__Your instructions__.
What you return must be the data below, word for word, without any images.
== Data shown
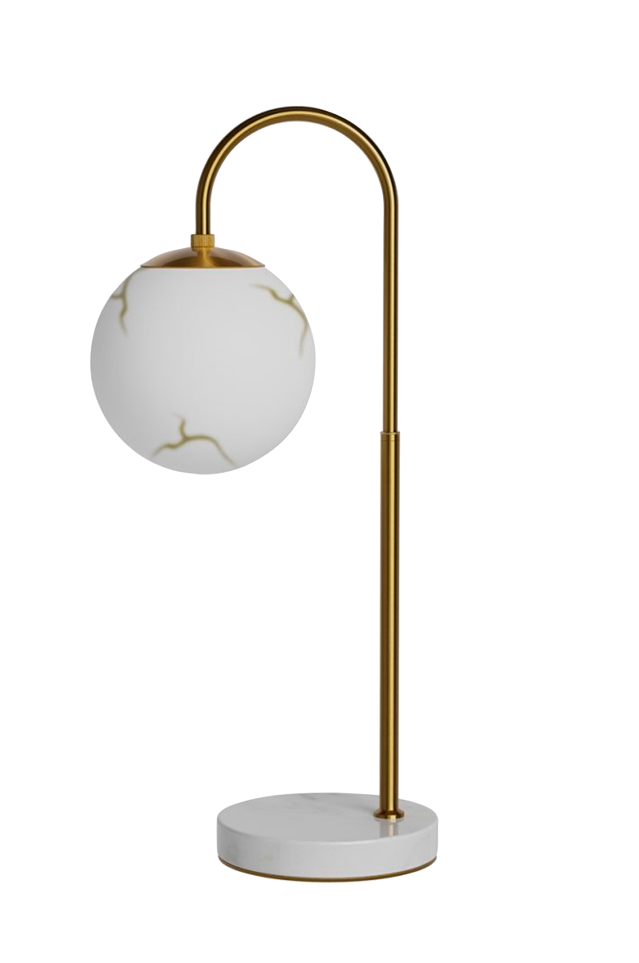 Bellagio bordlampe - tidløs elegance med retrofølelse bellagio er en stilfuld bordlampe, der kombinerer klassiske materialer med moderne design og en tydelig retrofølelse. Lampens fod er lavet af elegant marmor, hvis naturlige ådring gør hvert stykke unikt. De eksklusive detaljer forstærker udtrykket og skaber en harmonisk helhed, som passer lige så godt i et moderne hjem som i mere traditionelle omgivelser. Lampens dekorative skærm i glas giver et blødt og behageligt lysflow, perfekt til hyggelige aftener eller stemningsfuld belysning i stuer, soveværelser eller gange. Det smukke glas bidrager ikke kun til lampens eksklusive udseende, men fungerer også som et effektfuldt element i indretningen. Bellagio er nem at placere og fungerer lige så godt på et sidebord som i en vindueskarm eller på et natbord. Skulle uheldet være ude, kan glasskærmen købes som reservedel, hvilket gør lampen både holdbar og langtidsholdbar.
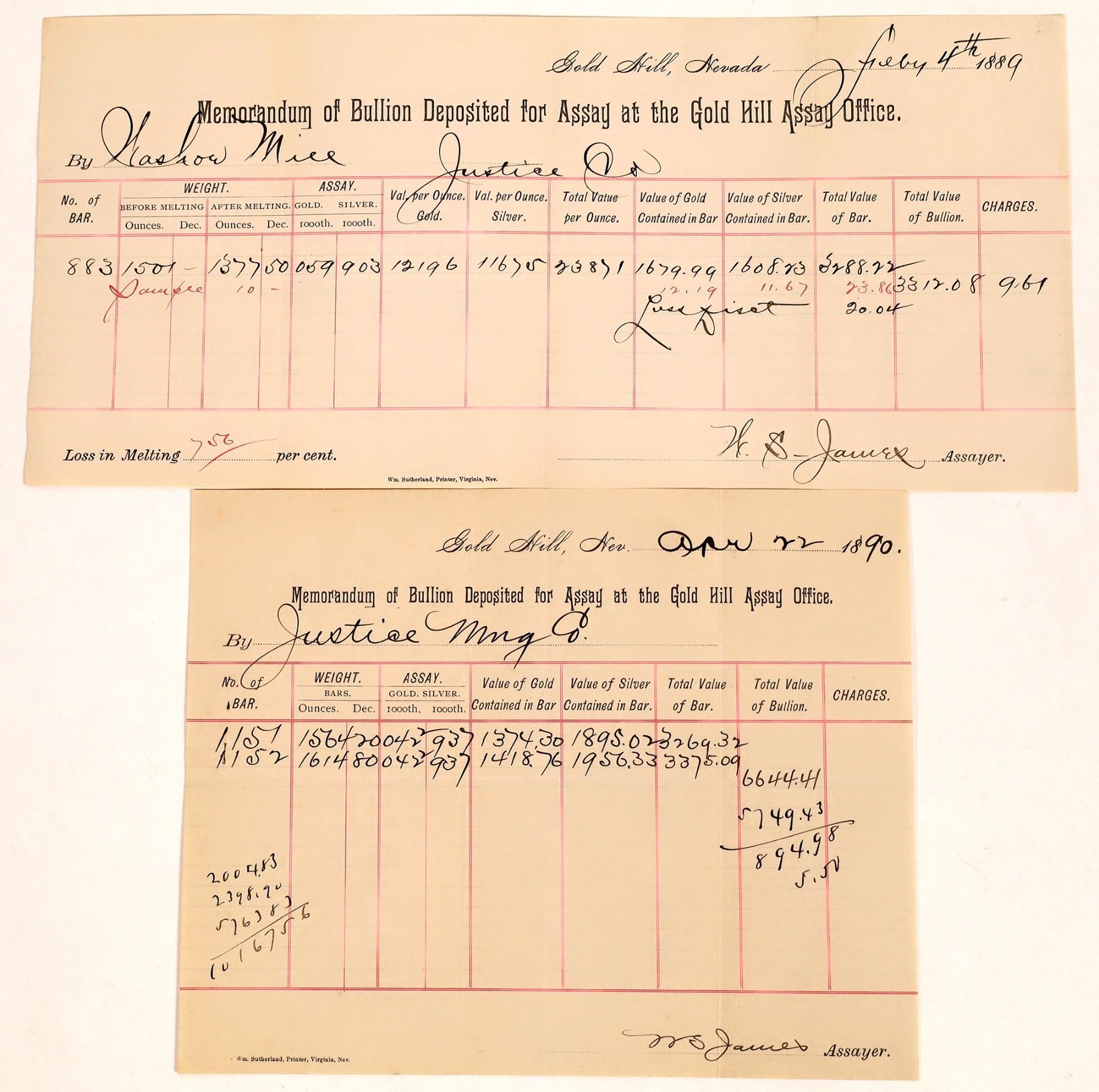 Lot of 2 different for the Gold Hill Assay Office, operated by assayer WS James. 1) 1889 large format receipt for deposit by the Washoe Mill. One bar, 1,377 ounces, $3,312.08. Signed by assayer WS James. 2) Smaller memorandum, 1890, for deposit by the Justice Mining Co. Two bars, total value $6,644.44. Signed by WS James.
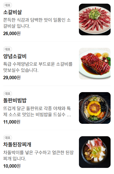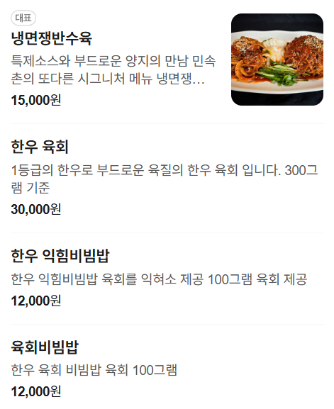 😍 소고기 좋아하시는 분들을 위한 소갈비살·양념소갈비도 준비돼 있으며, 신선함이 생명인 한우육회까지 즐길 수 있어 고기 메뉴의 완성도를 한층 높여줍니다
====
__Response box__.
 Bellagio bordlampe - tidløs elegance med retrofølelse bellagio er en stilfuld bordlampe, der kombinerer klassiske materialer med moderne design og en tydelig retrofølelse. Lampens fod er lavet af elegant marmor, hvis naturlige ådring gør hvert stykke unikt. De eksklusive detaljer forstærker udtrykket og skaber en harmonisk helhed, som passer lige så godt i et moderne hjem som i mere traditionelle omgivelser. Lampens dekorative skærm i glas giver et blødt og behageligt lysflow, perfekt til hyggelige aftener eller stemningsfuld belysning i stuer, soveværelser eller gange. Det smukke glas bidrager ikke kun til lampens eksklusive udseende, men fungerer også som et effektfuldt element i indretningen. Bellagio er nem at placere og fungerer lige så godt på et sidebord som i en vindueskarm eller på et natbord. Skulle uheldet være ude, kan glasskærmen købes som reservedel, hvilket gør lampen både holdbar og langtidsholdbar.
 Lot of 2 different for the Gold Hill Assay Office, operated by assayer WS James. 1) 1889 large format receipt for deposit by the Washoe Mill. One bar, 1,377 ounces, $3,312.08. Signed by assayer WS James. 2) Smaller memorandum, 1890, for deposit by the Justice Mining Co. Two bars, total value $6,644.44. Signed by WS James.
 😍 소고기 좋아하시는 분들을 위한 소갈비살·양념소갈비도 준비돼 있으며, 신선함이 생명인 한우육회까지 즐길 수 있어 고기 메뉴의 완성도를 한층 높여줍니다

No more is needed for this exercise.